If you don&#8217;t like the glumpy, just cut it off while the soap is still soft. You can take the leftover pieces, get them wet with hot water and form them into balls.


----------



## Dandish (Feb 8, 2007)

Hi Maura - 

I plan on doing exactly that - I am just getting started.  From what I've seen, there are people who like both. I am a little bit sensitive to some fragrances, also, so I will be getting into that really well in the future. Just experimenting and learning for now. Thank you for the advice.


----------



## Maura (Jun 6, 2004)

Palma Rosa is a light lovely e.o. and goes well with the more powerful flowery e.o. Lavender goes well with many many other e.o. People love lavender, it&#8217;s practically a guarantee that it will be well received. For soap, I use 40/60 Lavender.


----------



## Dandish (Feb 8, 2007)

Thank you for the info! Do you have a favorite supplier for the EOs?
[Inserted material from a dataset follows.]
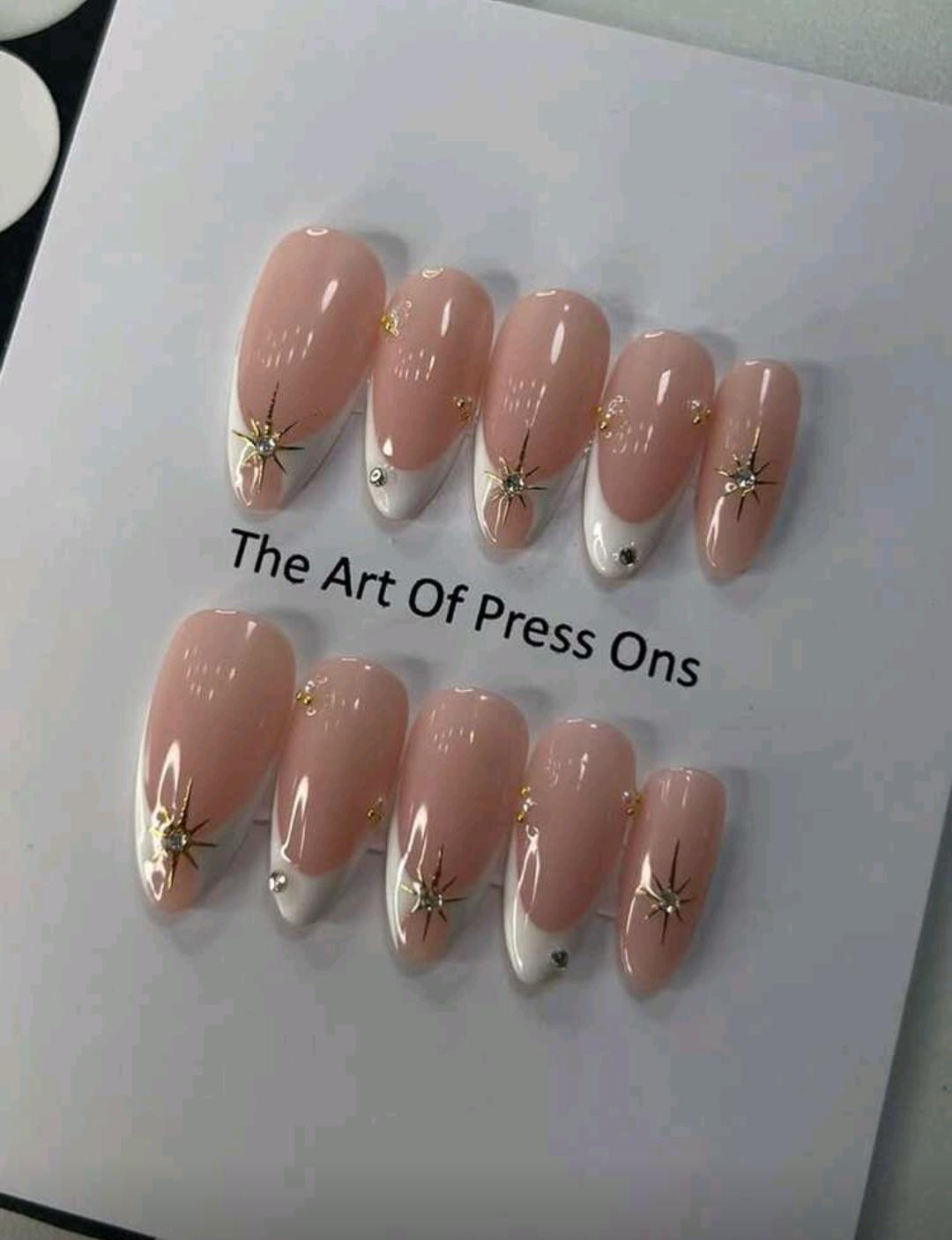 Gentle And Exquisite 10 Long Almond Shaped Press On Nails, Exquisite And High-End French Apricot Colored Wearable Nails Decorated With French Edges, Star Lights, Small Steel Balls, Pearls, And Rhinestones, Fully Detachable Fake Nail Set, Suitable For Office Workers, Students, Party Girls, And Nail Supplies Of All Seasons, Equipped With 1 Jelly Gel And 1 Nail File.

Anything to watch out for? I'm excited about trying the EOs.

I love lavender myself, and I have some oil infusing right now, but it'll be a while before it's ready, of course. 

Here's the newest soap out of the mold this morning - VERY lightly scented "Fresh Cut Roses." I couldn't resist playing with one a little bit.


----------



## MullersLaneFarm (Jul 23, 2004)

Beautiful! Aptly named

I use both EO & FO. There are some scents you can't get as an EO.


----------



## Dandish (Feb 8, 2007)

Thank you Cyndi! I think it was your posts, pictures and information that really got me interested in this way back when - when I first tried it years ago. At that time, all I could find locally was some palm that was a bright orange color, so I used it. Like I said earlier, it made soap, but boy was it ugly. I also used some honeysuckle fragrance that everyone was sick of very fast. It has always stayed in the back of my mind to learn more and try again, and here we are. I'm really enjoying it, and the cure time is killing me!


----------



## MDKatie (Dec 13, 2010)

The great thing about making your own soap is that you can make it exactly how you want it, not how others want it. :thumb: Fragrance oils, essential oils, natural colorants, synthetic colors, etc. If you want to use fragrances, use them. If someone doesn't want soap with fragrance oils, they'll get soap elsewhere.


----------



## Maura (Jun 6, 2004)

www.camdengrey.com and columbusfoods.com are the first places I go to.


----------



## MullersLaneFarm (Jul 23, 2004)

Dandish, I'm humbled. 

re: cure time. The reason for the cure time is to allow excess moisture to evaporate from the soap making it last longer & lather better. It is perfectly safe to use a bar of soap that isn't 'cured' ... it just won't last as long.


----------